Data section →
--- --- ---
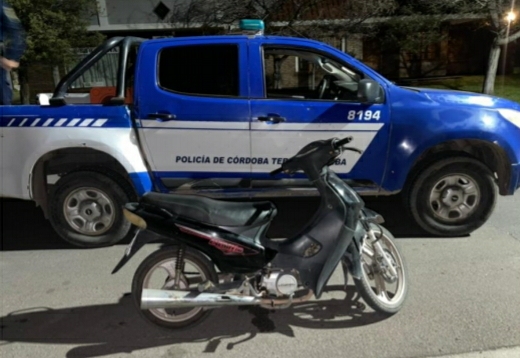 A las 04.30 horas, en calle Rastreador Fournier esquina San Pedro de barrio Media Luna, se procedió al secuestro de una motocicleta marca CORVEN 110 c.c.
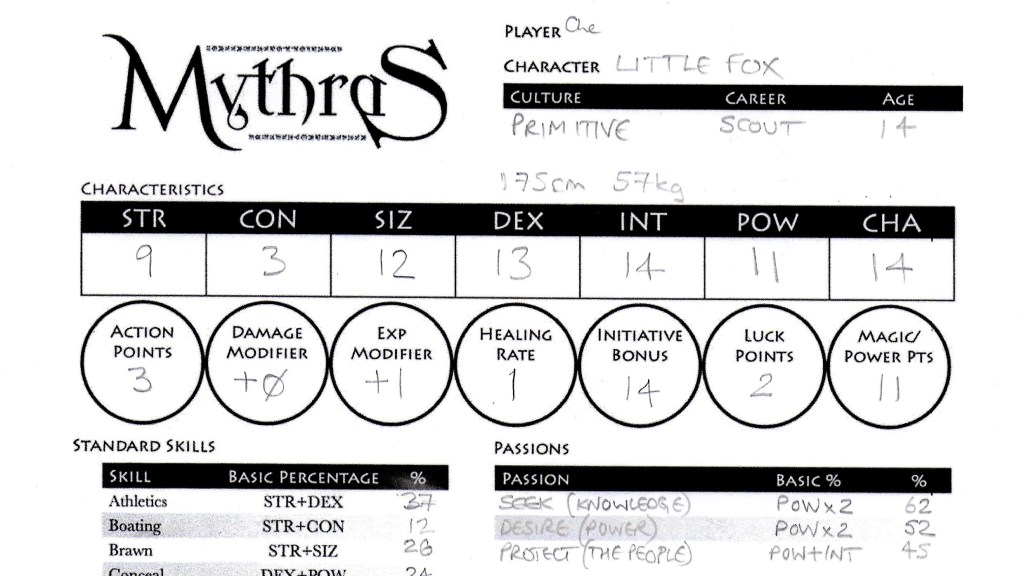 Here we meet an additional consideration: the Height and Weight of the character, something overlooked in Imperative. These are assigned based on SIZ and a choice of three body frames – Lithe, Medium, and Heavy. As these are Primitive culture characters who are not overly athletic, I am going to assume Lithe frame.
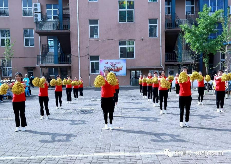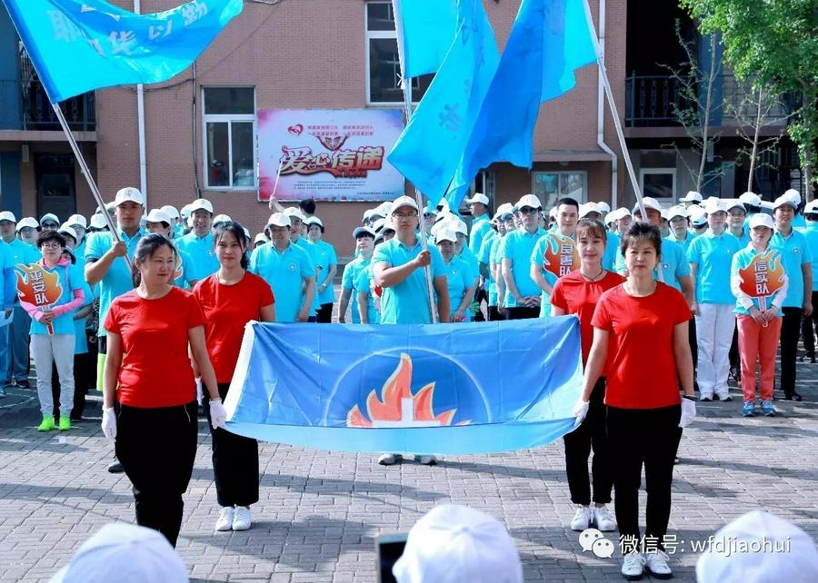 上午8:00,主持人宣布开幕式正式开始。首先,总裁判郑牧师带领裁判团入场,在主席台就座。紧接着,各个运动员代表队开始接受检阅。在庄重有力的《运动员进行曲》中,走在最前面的是四位旗手,高举瓦房店教会的会旗,紧随其后的是四面蓝色的大旗,跟着的是充满活力的拉拉队。各代表队迈着整齐划一的步伐,高喊着口号,依次走过主席台。所有代表队检阅结束后,郑牧师致开幕词,运动员和裁判员代表宣誓。全体运动员退场后,由24名身穿红色上衣、手拿金色环球的姊妹在欢快的音乐中跳起了活力四射的啦啦操。姊妹们热情洋溢的舞蹈,赢得了大家热烈的掌声。
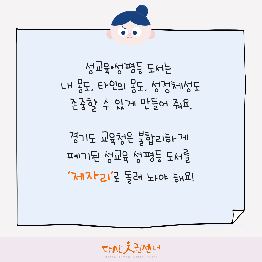 경기도 교육청은 불합리하게 폐기된 성교육 성평등 도서를 ‘제자리’로 돌려놔야 합니다.
--- --- ---
Output the data exactly as it is, with the pictures dropped.

Result →
 A las 04.30 horas, en calle Rastreador Fournier esquina San Pedro de barrio Media Luna, se procedió al secuestro de una motocicleta marca CORVEN 110 c.c.
 Here we meet an additional consideration: the Height and Weight of the character, something overlooked in Imperative. These are assigned based on SIZ and a choice of three body frames – Lithe, Medium, and Heavy. As these are Primitive culture characters who are not overly athletic, I am going to assume Lithe frame.
 上午8:00,主持人宣布开幕式正式开始。首先,总裁判郑牧师带领裁判团入场,在主席台就座。紧接着,各个运动员代表队开始接受检阅。在庄重有力的《运动员进行曲》中,走在最前面的是四位旗手,高举瓦房店教会的会旗,紧随其后的是四面蓝色的大旗,跟着的是充满活力的拉拉队。各代表队迈着整齐划一的步伐,高喊着口号,依次走过主席台。所有代表队检阅结束后,郑牧师致开幕词,运动员和裁判员代表宣誓。全体运动员退场后,由24名身穿红色上衣、手拿金色环球的姊妹在欢快的音乐中跳起了活力四射的啦啦操。姊妹们热情洋溢的舞蹈,赢得了大家热烈的掌声。
 경기도 교육청은 불합리하게 폐기된 성교육 성평등 도서를 ‘제자리’로 돌려놔야 합니다.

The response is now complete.